Une école sans dieu ni maître

Personne, aucun-e travailleur-se ni aucun-e journaliste ni aucun individu ne saurait être menacé-e, blessé-e ou tué-e pour ce qu’il est, sa religion, son travail, les propos qu’il tient ou encore les avis qu’il émet.

La mise en scène hypocrite d’une prétendue « unité nationale » est une chimère, un prétexte à imposer le silence aux questions dérangeantes. L’émotion embrouille la pensée.

Les assassinats des 7, 8 et 9 janvier sont une aubaine pour les tenants du repli identitaire et nationaliste ; une occasion nouvelle de stigmatisation de territoires ou de populations. Nous avons été nombreux à marquer la minute de silence, y compris là où on voudrait faire croire l’inverse dans un but évident d’ instrumentalisation pour créer un climat de haine et faire croire à l’inéluctabilité de mesures d’exception.

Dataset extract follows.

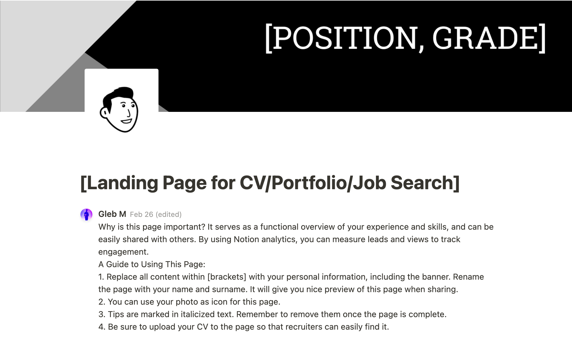 Landing Page for CV/Portfolio/Job Search Template Notion Marketplace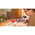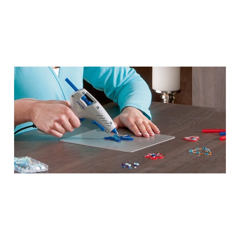 Dremel 930 to pistolet do klejenia o dwóch ustawieniach temperatury, dedykowany do zastosowań specjalistycznych. Przy ustawieniu niskiej temperatury narzędzie można wykorzystać do wielu prac hobbystycznych, takich jak scrapbooking, dekorowanie, ozdabianie szkła kolorowym klejem itp. Załączone siedmiomilimetrowe kolorowe sztyfty kleju* pomogą Ci stworzyć przepiękne dekoracje. Przy klejeniu ceramiki, drewna, tworzyw, szkła i innych prac w domu stosować ustawienie wysokiej temperatury. Precyzyjna końcówka zabezpiecza przed wyciekiem kleju na obrabiany przedmiot. *Uwaga: W 2016 roku do pistoletu do klejenia Dremel 930 Glue Gun będą dołączane kolorowe sztyfty kleju zamiast brokatowych.

Ces réflexes médiatiques, sitôt les attentats commis, nous inquiètent sur la nature des déclarations politiques. Elles veulent évacuer les vrais enjeux. Les inégalités sociales et économiques sont le véritable terreau pour tous les fanatismes religieux ou nationalistes. Sans partage des richesses, le capitalisme continuera de créer du désespoir et du fanatisme.

C’est pourquoi la seule « guerre contre le terrorisme » qui vaille c’est la lutte contre l’injustice sociale. Nous ne réclamons pas de nouvelles lois liberticides et nous voulons supprimer toutes les prisons. On préfère comme d’autres ouvrir des écoles. Mais des écoles sans « vigipirate » ; des écoles sans sélection sociale, sans dieu ni maître, des écoles sans exclusions. Des écoles qui s’occupent d « éduquer pour émanciper ».

On veut aussi pouvoir rire de tout. Mais dire cela c’est revendiquer l’absence de toute censure. L’anti-autoritarisme ne souffre en effet aucune exception.

C’est ce que nous efforçons de mettre en œuvre dans nos écoles, collèges, facs ou lycées. Avec les élèves et les personnels que nous côtoyons. Nous n’avons pas attendu le 7 janvier pour lutter, avec d’autres, contre tous les obscurantismes au quotidien de nos classes, des luttes sociales, en AG et dans la grève.

La CNT-FTE appelle l’ensemble des personnels de l’Éducation à se réunir en AG pour élaborer collectivement un autre futur, débarrassé des profiteurs de guerres et des semeurs de terrorisme.